DATA BELOW:
§

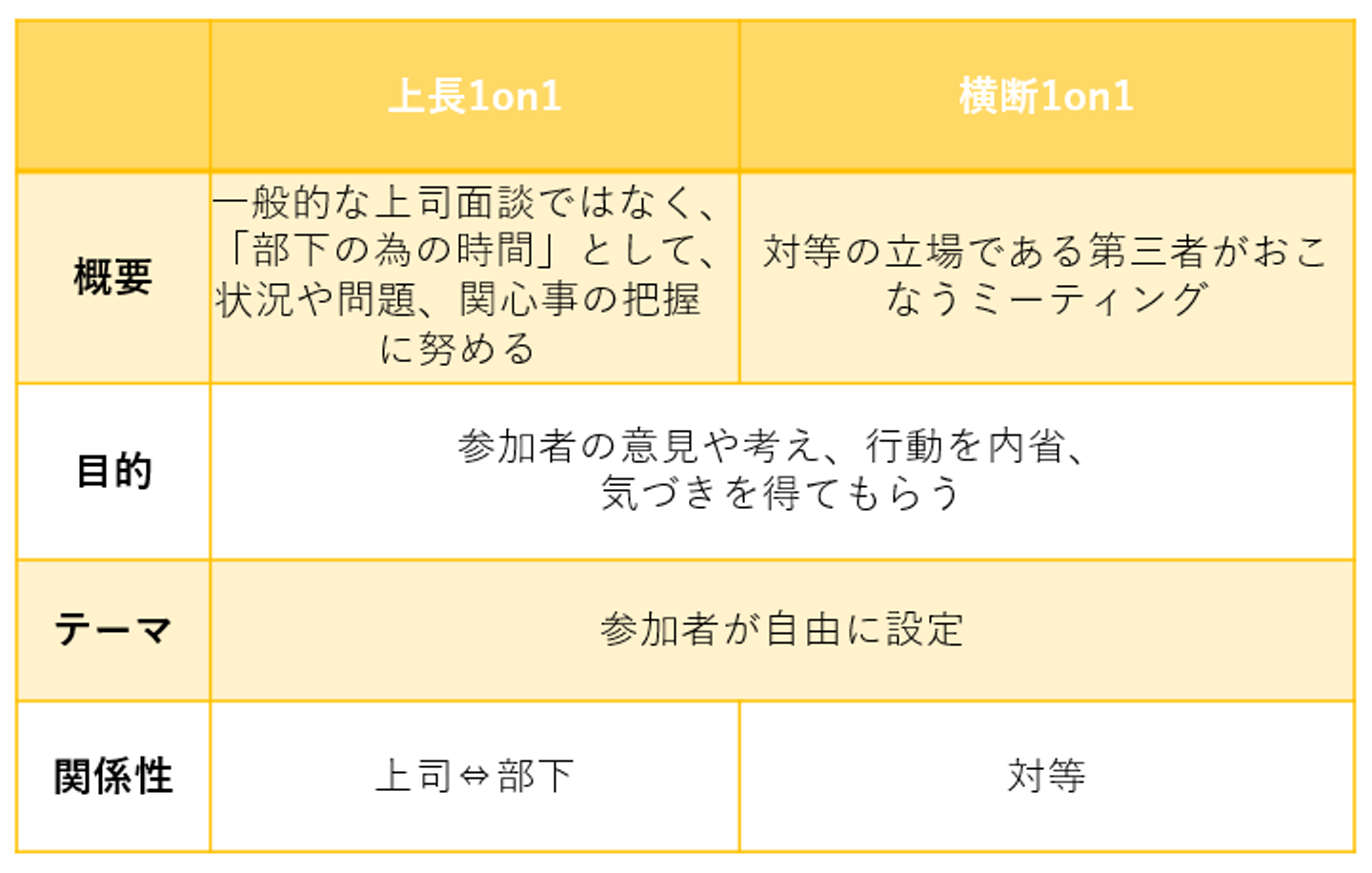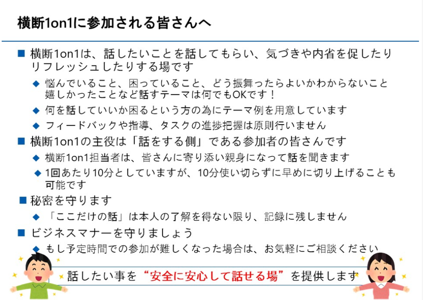 「横断1on1」を初めて始めて聞く方もいるかもしれません。この1on1は対等の立場の第三者が行います。上司と部下の面談以外に、仕事でのモヤモヤを聞いてもらってスッキリしたり、誰に聞いていいのかわからないことを確認したり…、そんな横断的に支援してくれる「場」をつくることで、心理的な不安を解消できればと考えています。
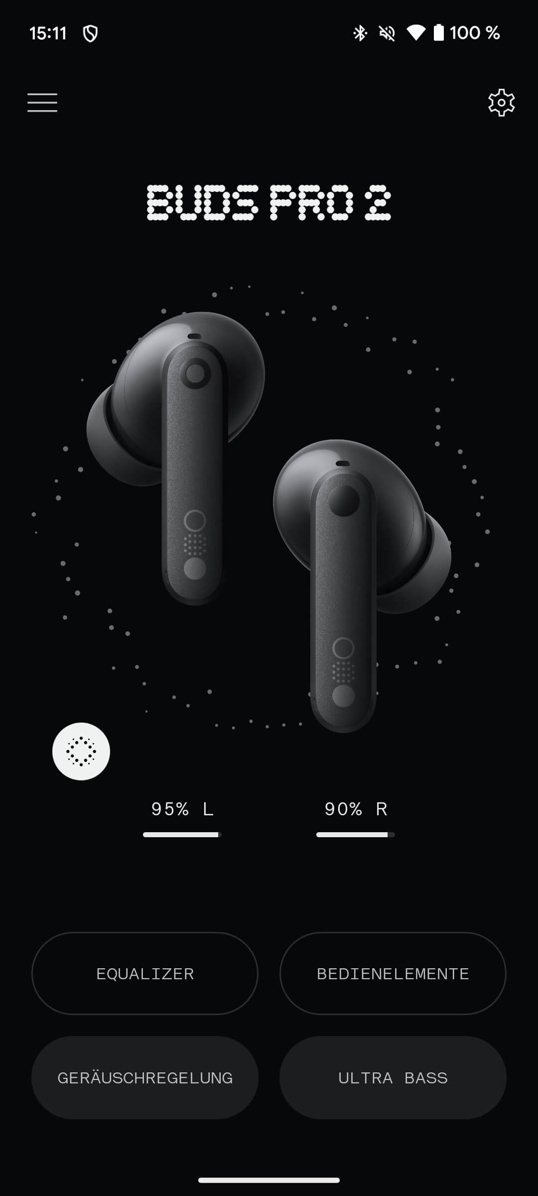 Die Nothing-X-App (iOS, Android) ermöglicht diverse Anpassungen und Steuerungsmöglichkeiten. Ihr könnt Equalizer-Einstellungen vornehmen, Firmware-Updates automatisch durchführen und die Funktionen des Drehknopfes am Lade-Case personalisieren. Hier regelt ihr auch den Ultra Bass sowie das ANC, das zwischen vier Stufen (adaptiv, niedrig, mittel, hoch) umgeschaltet werden kann. Zudem de-/aktiviert ihr hier auch den Transparenzmodus, der nicht regelbar ist. Auch könnt ihr auf „Aus“ stellen und somit die In-Ears ohne aktive Geräuschregelung betreiben.
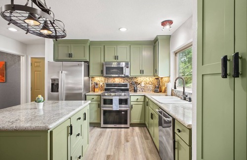 Tucked away in a quiet neighborhood just minutes from top attractions, this spacious 3-bedroom, 2-bathroom home comfortably accommodates up to 12 guests—perfect for family vacations, group trips, or weekend escapes with friends!

§

Without the pictures, return the whole of the data exactly as given.

RESPONSE:
 「横断1on1」を初めて始めて聞く方もいるかもしれません。この1on1は対等の立場の第三者が行います。上司と部下の面談以外に、仕事でのモヤモヤを聞いてもらってスッキリしたり、誰に聞いていいのかわからないことを確認したり…、そんな横断的に支援してくれる「場」をつくることで、心理的な不安を解消できればと考えています。
 Die Nothing-X-App (iOS, Android) ermöglicht diverse Anpassungen und Steuerungsmöglichkeiten. Ihr könnt Equalizer-Einstellungen vornehmen, Firmware-Updates automatisch durchführen und die Funktionen des Drehknopfes am Lade-Case personalisieren. Hier regelt ihr auch den Ultra Bass sowie das ANC, das zwischen vier Stufen (adaptiv, niedrig, mittel, hoch) umgeschaltet werden kann. Zudem de-/aktiviert ihr hier auch den Transparenzmodus, der nicht regelbar ist. Auch könnt ihr auf „Aus“ stellen und somit die In-Ears ohne aktive Geräuschregelung betreiben.
 Tucked away in a quiet neighborhood just minutes from top attractions, this spacious 3-bedroom, 2-bathroom home comfortably accommodates up to 12 guests—perfect for family vacations, group trips, or weekend escapes with friends!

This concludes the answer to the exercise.